━━ GIVEN DATA ━━

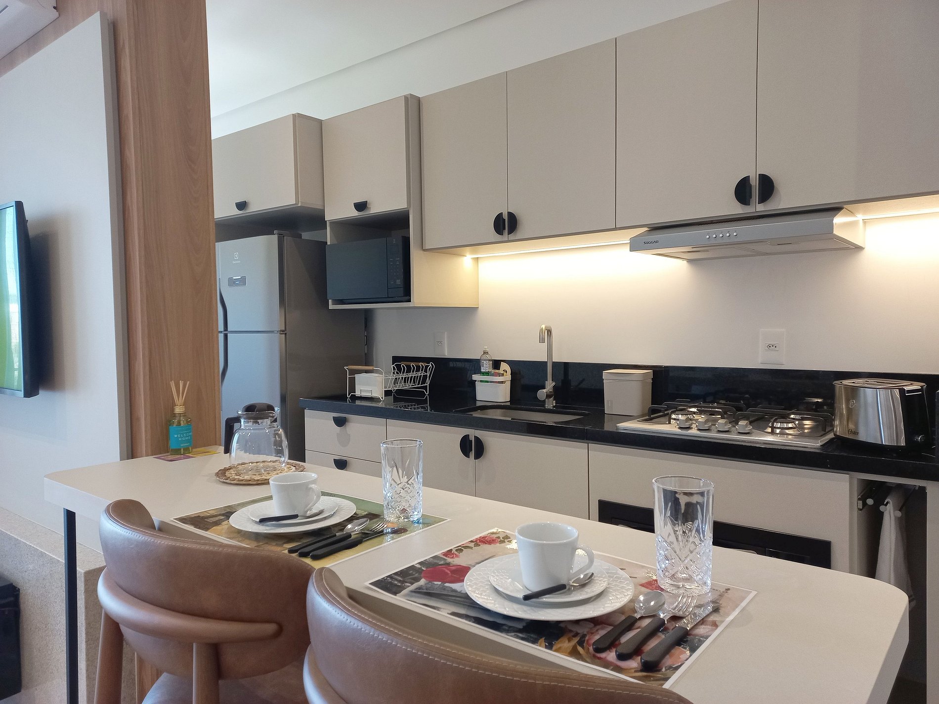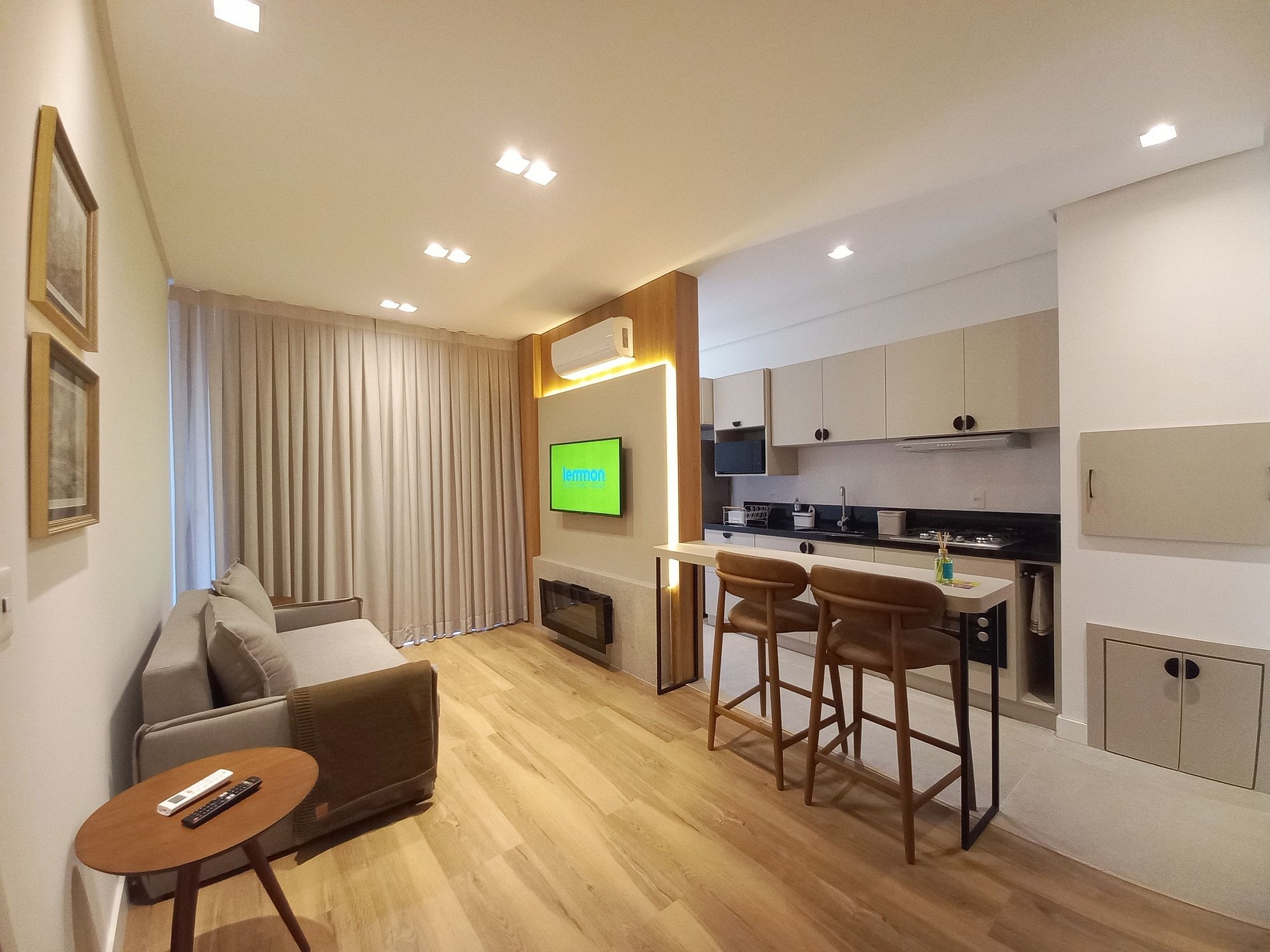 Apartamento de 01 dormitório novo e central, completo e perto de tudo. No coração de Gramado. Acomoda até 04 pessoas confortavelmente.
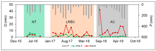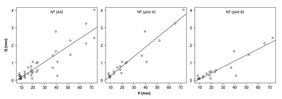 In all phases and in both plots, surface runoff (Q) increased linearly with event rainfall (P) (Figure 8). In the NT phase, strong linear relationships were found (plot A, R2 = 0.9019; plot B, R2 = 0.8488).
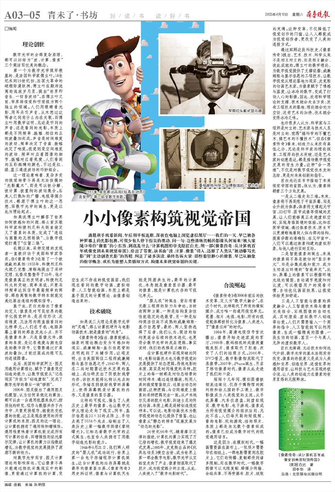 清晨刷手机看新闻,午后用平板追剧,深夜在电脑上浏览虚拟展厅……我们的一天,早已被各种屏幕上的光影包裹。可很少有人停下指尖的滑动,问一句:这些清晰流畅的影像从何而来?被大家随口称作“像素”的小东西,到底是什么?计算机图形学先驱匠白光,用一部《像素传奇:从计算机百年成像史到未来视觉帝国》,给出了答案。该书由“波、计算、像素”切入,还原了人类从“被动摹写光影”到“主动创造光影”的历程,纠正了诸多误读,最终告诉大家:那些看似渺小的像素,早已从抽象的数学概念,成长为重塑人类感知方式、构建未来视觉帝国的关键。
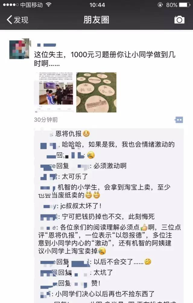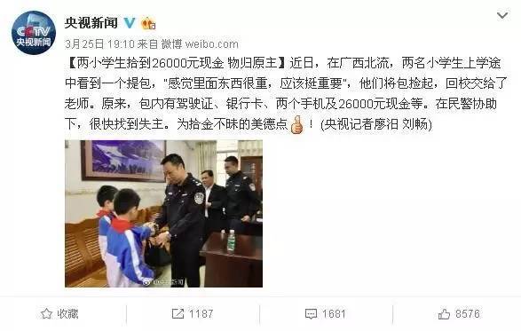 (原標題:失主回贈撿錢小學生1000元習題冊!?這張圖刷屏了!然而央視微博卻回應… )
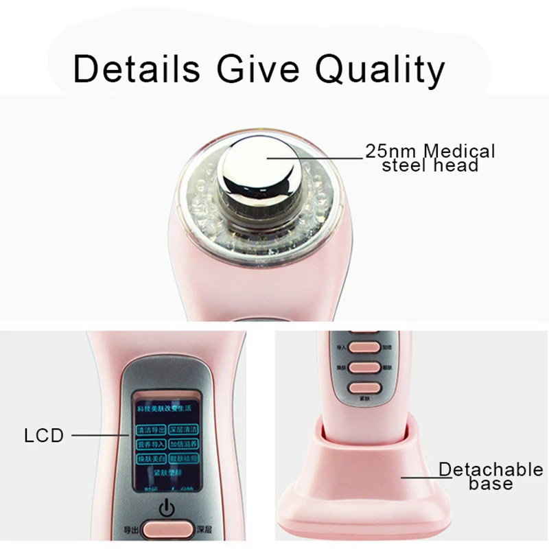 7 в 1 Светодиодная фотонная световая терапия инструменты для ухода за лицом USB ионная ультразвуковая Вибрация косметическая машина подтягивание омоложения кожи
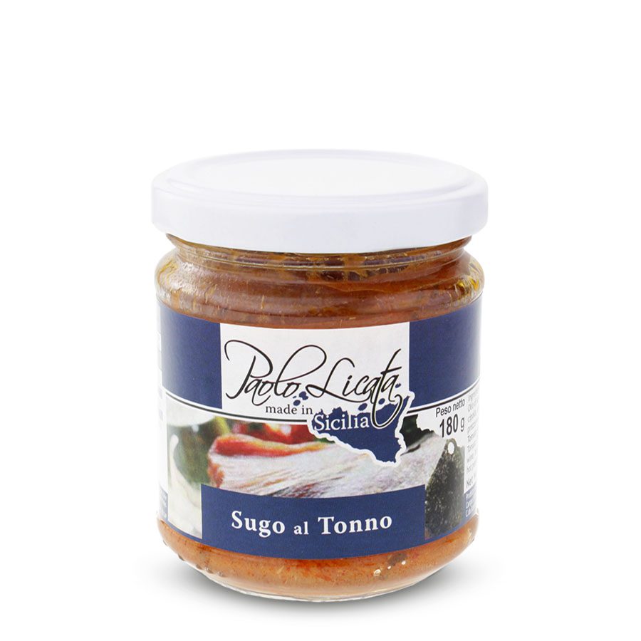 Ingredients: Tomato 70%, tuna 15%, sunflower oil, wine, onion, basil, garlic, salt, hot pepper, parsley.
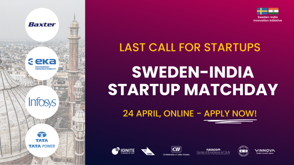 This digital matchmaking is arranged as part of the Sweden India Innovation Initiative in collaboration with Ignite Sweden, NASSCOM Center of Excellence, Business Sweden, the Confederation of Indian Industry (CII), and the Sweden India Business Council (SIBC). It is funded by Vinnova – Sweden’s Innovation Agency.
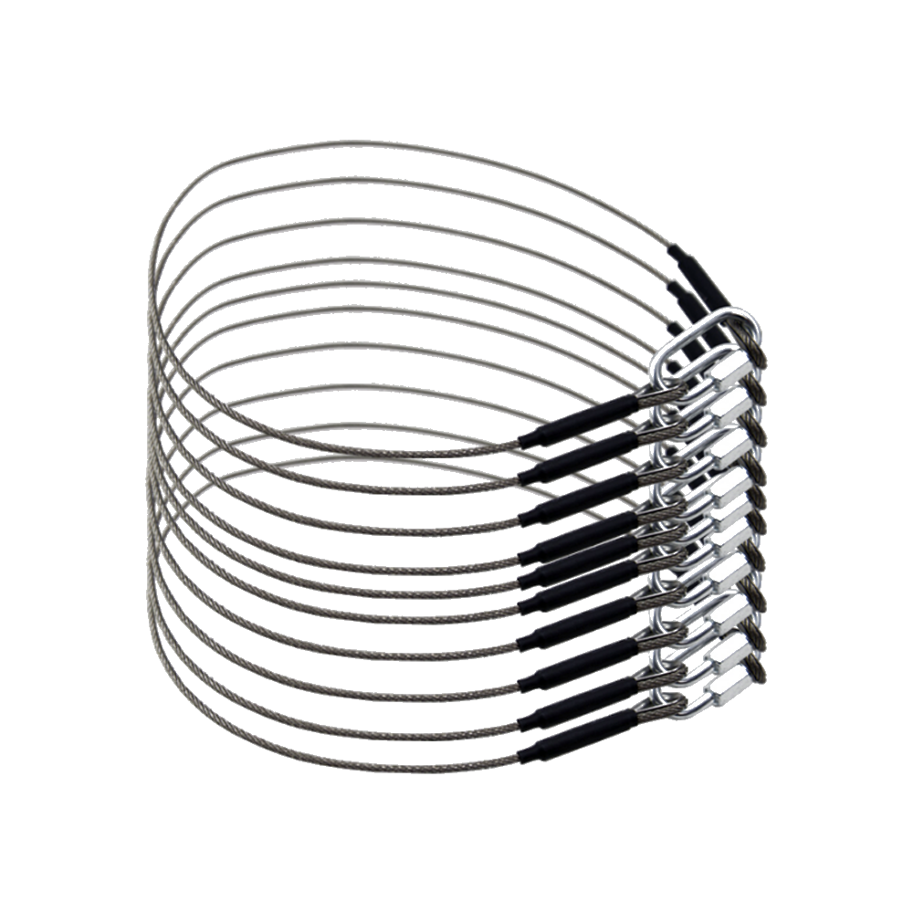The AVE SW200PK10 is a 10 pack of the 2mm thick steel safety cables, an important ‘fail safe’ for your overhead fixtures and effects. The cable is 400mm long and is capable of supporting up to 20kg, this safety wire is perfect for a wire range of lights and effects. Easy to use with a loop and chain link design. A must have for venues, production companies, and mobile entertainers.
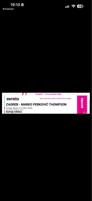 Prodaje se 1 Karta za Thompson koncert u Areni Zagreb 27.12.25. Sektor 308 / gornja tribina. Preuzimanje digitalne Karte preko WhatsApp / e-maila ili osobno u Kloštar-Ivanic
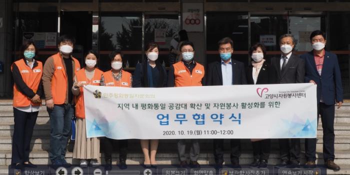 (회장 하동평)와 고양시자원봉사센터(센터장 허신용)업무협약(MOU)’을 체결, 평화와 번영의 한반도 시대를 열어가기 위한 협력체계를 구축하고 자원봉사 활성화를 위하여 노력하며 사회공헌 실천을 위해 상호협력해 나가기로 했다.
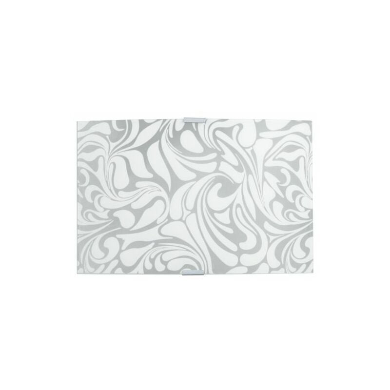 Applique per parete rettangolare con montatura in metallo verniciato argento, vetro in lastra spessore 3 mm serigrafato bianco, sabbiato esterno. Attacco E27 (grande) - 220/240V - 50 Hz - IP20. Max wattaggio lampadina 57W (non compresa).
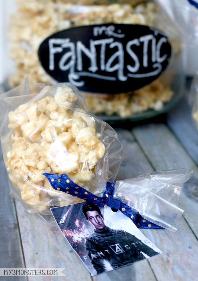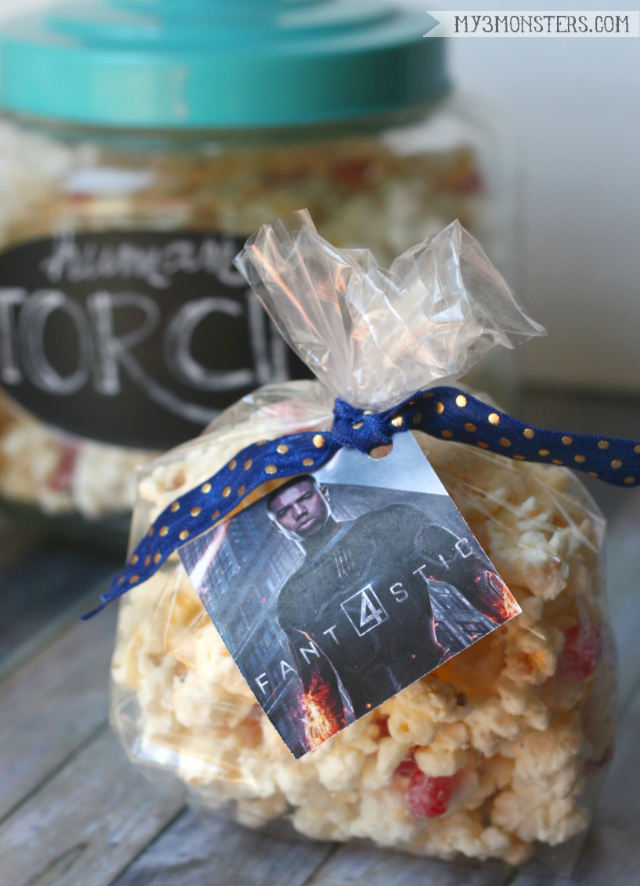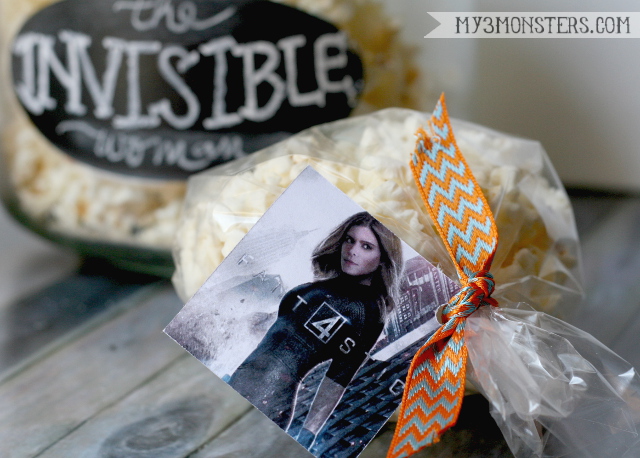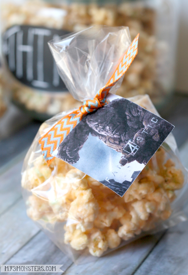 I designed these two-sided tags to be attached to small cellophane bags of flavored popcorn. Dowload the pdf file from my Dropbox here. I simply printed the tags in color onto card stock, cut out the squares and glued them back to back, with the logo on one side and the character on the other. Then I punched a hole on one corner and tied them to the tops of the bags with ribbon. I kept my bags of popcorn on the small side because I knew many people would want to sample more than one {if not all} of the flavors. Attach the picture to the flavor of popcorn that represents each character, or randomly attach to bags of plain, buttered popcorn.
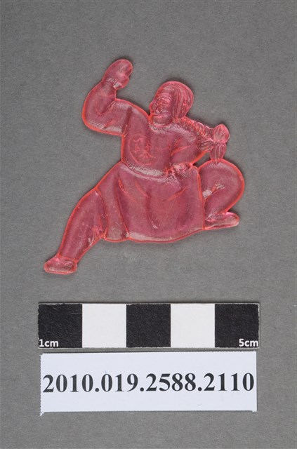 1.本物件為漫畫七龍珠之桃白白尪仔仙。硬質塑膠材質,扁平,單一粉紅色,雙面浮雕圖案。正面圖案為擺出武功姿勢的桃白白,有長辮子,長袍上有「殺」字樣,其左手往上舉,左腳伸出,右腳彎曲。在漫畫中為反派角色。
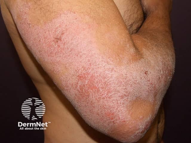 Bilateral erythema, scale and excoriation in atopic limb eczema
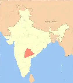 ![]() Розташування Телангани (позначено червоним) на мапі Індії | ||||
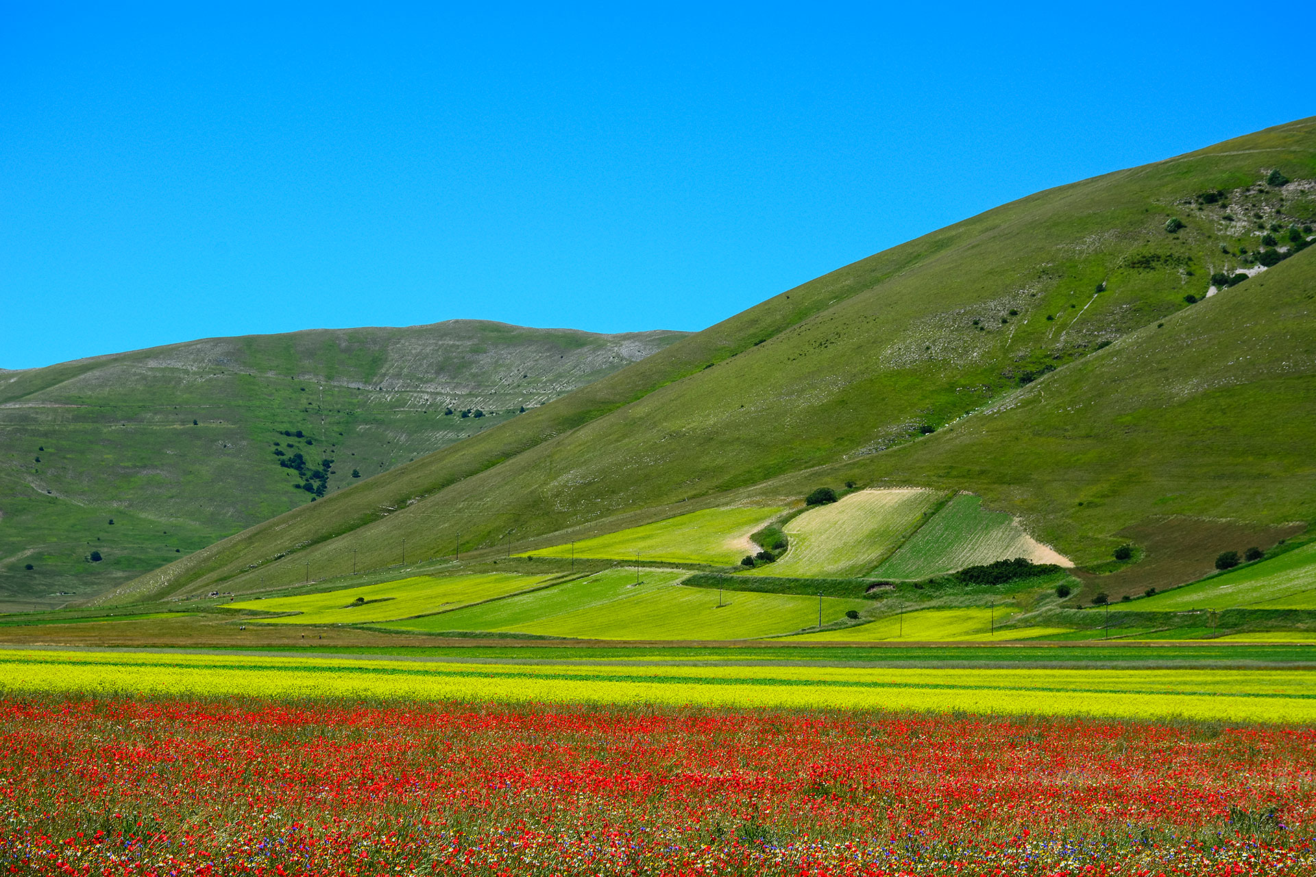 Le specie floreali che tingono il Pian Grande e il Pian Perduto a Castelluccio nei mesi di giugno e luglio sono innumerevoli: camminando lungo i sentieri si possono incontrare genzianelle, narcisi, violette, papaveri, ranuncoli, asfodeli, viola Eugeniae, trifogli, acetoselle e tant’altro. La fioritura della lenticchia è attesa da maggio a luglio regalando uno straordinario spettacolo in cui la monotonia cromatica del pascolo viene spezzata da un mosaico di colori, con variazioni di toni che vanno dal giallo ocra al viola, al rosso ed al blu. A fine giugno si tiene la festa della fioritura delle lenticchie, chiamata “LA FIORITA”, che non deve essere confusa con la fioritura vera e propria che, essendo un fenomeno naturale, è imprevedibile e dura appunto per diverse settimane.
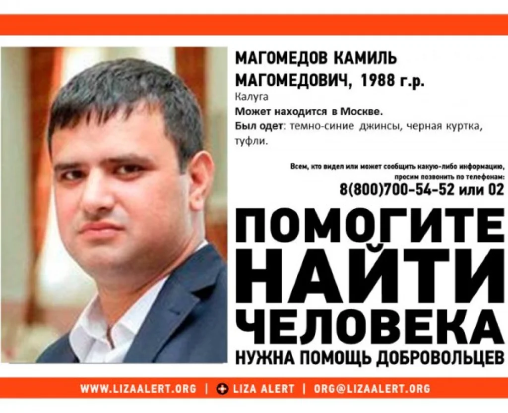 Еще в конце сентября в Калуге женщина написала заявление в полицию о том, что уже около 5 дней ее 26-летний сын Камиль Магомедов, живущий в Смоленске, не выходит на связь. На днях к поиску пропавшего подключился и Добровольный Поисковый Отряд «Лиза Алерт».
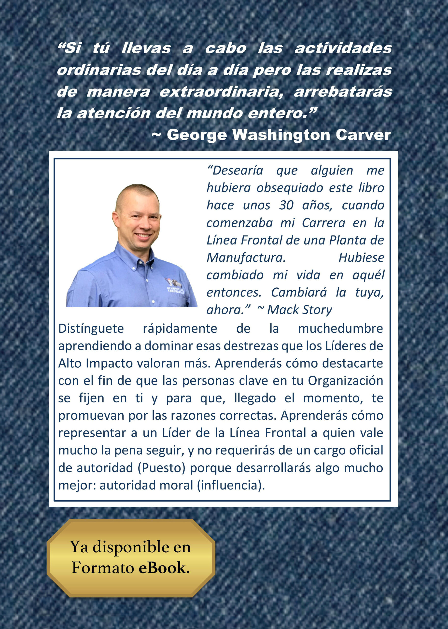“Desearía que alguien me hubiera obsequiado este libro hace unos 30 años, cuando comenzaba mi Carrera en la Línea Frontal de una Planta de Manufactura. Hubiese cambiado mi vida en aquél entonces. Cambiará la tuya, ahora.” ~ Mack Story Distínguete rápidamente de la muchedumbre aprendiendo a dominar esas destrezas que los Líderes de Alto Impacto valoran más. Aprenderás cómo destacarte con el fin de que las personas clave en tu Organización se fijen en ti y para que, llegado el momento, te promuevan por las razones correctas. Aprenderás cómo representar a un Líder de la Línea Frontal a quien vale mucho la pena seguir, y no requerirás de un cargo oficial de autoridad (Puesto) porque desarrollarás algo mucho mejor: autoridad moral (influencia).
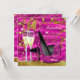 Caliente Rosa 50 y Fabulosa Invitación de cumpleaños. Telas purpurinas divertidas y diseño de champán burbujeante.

━━━

## PROBLEM DESCRIPTION
Drop the pictures; return the lines above from the line containing "7 в 1 Светодиодная" to the line containing "The AVE SW200PK10", both included, exactly.

## EXERCISE RESPONSE
 7 в 1 Светодиодная фотонная световая терапия инструменты для ухода за лицом USB ионная ультразвуковая Вибрация косметическая машина подтягивание омоложения кожи
 Ingredients: Tomato 70%, tuna 15%, sunflower oil, wine, onion, basil, garlic, salt, hot pepper, parsley.
 This digital matchmaking is arranged as part of the Sweden India Innovation Initiative in collaboration with Ignite Sweden, NASSCOM Center of Excellence, Business Sweden, the Confederation of Indian Industry (CII), and the Sweden India Business Council (SIBC). It is funded by Vinnova – Sweden’s Innovation Agency.
The AVE SW200PK10 is a 10 pack of the 2mm thick steel safety cables, an important ‘fail safe’ for your overhead fixtures and effects. The cable is 400mm long and is capable of supporting up to 20kg, this safety wire is perfect for a wire range of lights and effects. Easy to use with a loop and chain link design. A must have for venues, production companies, and mobile entertainers.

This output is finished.